Contributing to the drop in earnings was a fourth-quarter acquired research charge of $466 million related to the acquisition of Sirna. Also driving down Merck’s income is an ongoing restructuring effort that included the elimination of about 900 positions during the fourth quarter and the company’s continued efforts to fight thousands of lawsuits over its small-molecule arthritis drug Vioxx.
“We believe once [Sirna is] integrated into our existing capability, this $1.1 billion investment … will pay off for many years to come.”
Excluding these and other special items, Merck earned $0.50 per share in the fourth quarter.
Merck’s sales in the quarter rose 5 percent to $6 billion, while its research and development spending surged 55 percent to $1.7 billion from $1.1 billion in the same period a year earlier.
Merck’s marketing and administrative expenses in the fourth quarter edged up 10 percent to $2.3 billion as its materials and production costs climbed 13 percent in the quarter to $1.7 billion.
For full-year 2006, Merck’s net income slipped to $4.4 billion, or $2.03 per share, from $4.6 billion, or $2.10 per share, while its full-year sales rose 3 percent to $22.6 billion.
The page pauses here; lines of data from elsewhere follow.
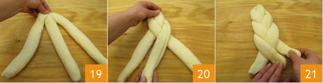 Once you have obtained 3 logs of the same size, pinch the top ends together 19 to secure them and proceed to braid them together 20 to the end 21.
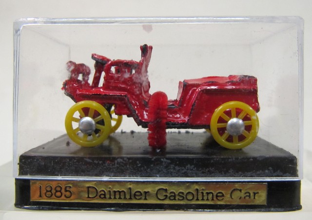 1885 DAIMLER GASOLINE CAR. red with yellow wheels. very similar to AHI but not sure if it was made by them. hard plastic display box base says T.M. Japan. approx. HO scale. paint is flaking off. no play wear. sorry sold
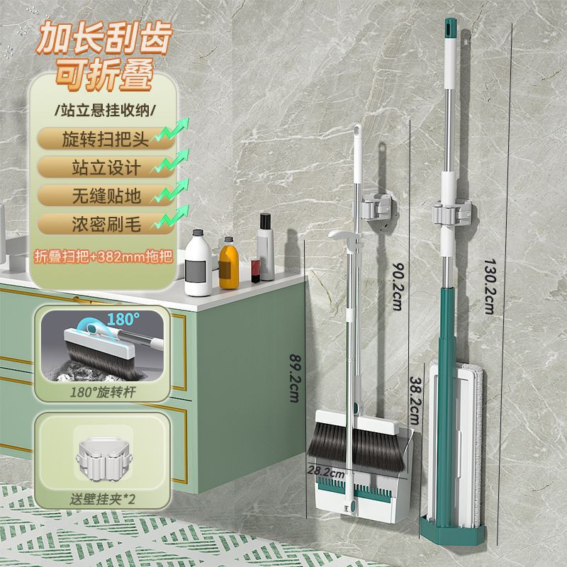 벽 장착 빗자루 걸레 3 피스 세트 가정용 핸드 프리 평면 패널 접이식 더스트 팬 조합 세트 벽 장착 빗자루 걸레스토어 가기

The company posted a 24-percent increase in research and development spending for 2006 to $4.8 billion, while full-year marketing and administrative expenses increased 14 percent to $8.1 billion and materials and production costs jumped 17 percent to $6 billion.
Looking ahead, Merck said it continues to expect earnings in 2007 to arrive between $2.51 and $2.59 per share, excluding restructuring charges and layoffs. Including these and other charges, the company said its earnings per share for the year should be in the range of $2.36 and $2.49.
Merck also said it “remains on track to deliver double-digit compound annual EPS growth, excluding one-time items and restructuring charges, by 2010 from the 2005 base.”